Der neue Service ist absolut kostenfrei und die Nutzung ist sehr einfach. Der Dienst ist direkt mit den Suchergebnissen von Ixquick verknüpft. Unter jedem Suchergebnis findet man eine Option um einen Proxy Dienst vorzuschalten. Wird diese Funktion aktiviert, dann öffnet sich die angewählte Seite in einem neuen Fenster und Ixquick verhindert jegliche Weitergabe von Daten oder Verhalten der BenutzerInnen. Ixquick selbst speichert solche Daten selbstverständlich nicht.

Ixquick ist eine international preisgekrönte Suchmaschine mit branchenführenden Datenschutzrichtlinien. Gegründed wurde Ixquick 1998 in New York und ist seitdem die einzige Suchmaschine, die den AnwenderInnen absolute Privatsphäre garantiert und keinerlei Benutzerbezogene Daten aufzeichnet. Ebenfalls einzigartig ist, dass die Suche unter ssl Verschlüsselung statt findet, wodurch auch Lauscher von Außen abgewehrt werden. Sämtliche Informationen zu Datenschutz und Funktionalität sind unter www.ixquick.com abrufbar. Am US Markt ist Ixquick als Startpage.com bekannt.

Was nur wenige wissen und beachten: Im Web wird von den Betreibern einer Website meist alles aufgezeichnet. Die handelnden Personen wissen, woher man kommt, wohin man geht, die IP addresse, welche Seiten besucht werden und sogar Betriebssystem, Browser und andere technische Details lassen sich so ermitteln.

Mit Ixquick gehört das der Vergangenheit an. Ixquick ist derzeit die einzige Suchmaschine, die keine Aufzeichnungen des Surfverhaltens seiner Benutzerinnen führt und auch keine sonstigen Daten wie etwa IP Adressen sammelt. Mit dem neuen Service verhindert das Unternehmen nun auch den Zugriff von Drittanbietern und gewährleistet Annonymität. Keine IP Adressen, keine Daten über verwendete Software oder ähnliche Informationen werden übermittelt. Eine Firewall für Websurfer.

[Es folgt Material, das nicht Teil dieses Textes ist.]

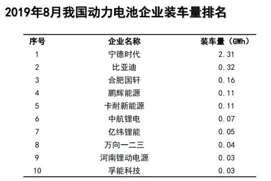 2019年8月,我國新能源汽車市場共計44家動力電池企業(yè)實現(xiàn)裝車配套,較7月份減少3家。排名前3家、前5家、前10家動力電池企業(yè)動力電池裝車量分別為2.8GWh、3.0GWh和3.2GWh,占總裝車量比分別為80.8%、87.1%和93.9%。

Der neue Service wurde heute, anlässlich des Datenschutztages 2010 (Data Privacy Day 2010), freigegeben.

"Die Menschen sind seit neuesten Berichten über die Datensammelwut mancher Betreiber, mehr denn je für das Thema Datenschutz im Internet sensibilisiert.", so CEO Robert Beens. "Wir möchten dieser immer größer werdenden Nutzergruppe die entsprechenden Werkzeuge in die Hand geben, um deren natürliches Bedürfnis an Privatsphäre abdecken zu können. Der neue Proxyservice ist der nächste logische Schritt. Schließlich sind für die meisten Webnutzer Suchmaschinen der jeweilige Ausgangspunkt, um neue Webservices zu entdecken. User die Ixquick nutzen, erhalten sämtliche Ergebnisse ganz privat und geschützt. Und von heute an sind Ixquick Nutzer auch nach dem Verlassen von Ixquick ganz privat unterwegs."

Auf Video nimmt die Datenschutzexpertin Dr. Katherine Albrecht zum Thema Stellung und erläutert den neuen Dienst ausführlich.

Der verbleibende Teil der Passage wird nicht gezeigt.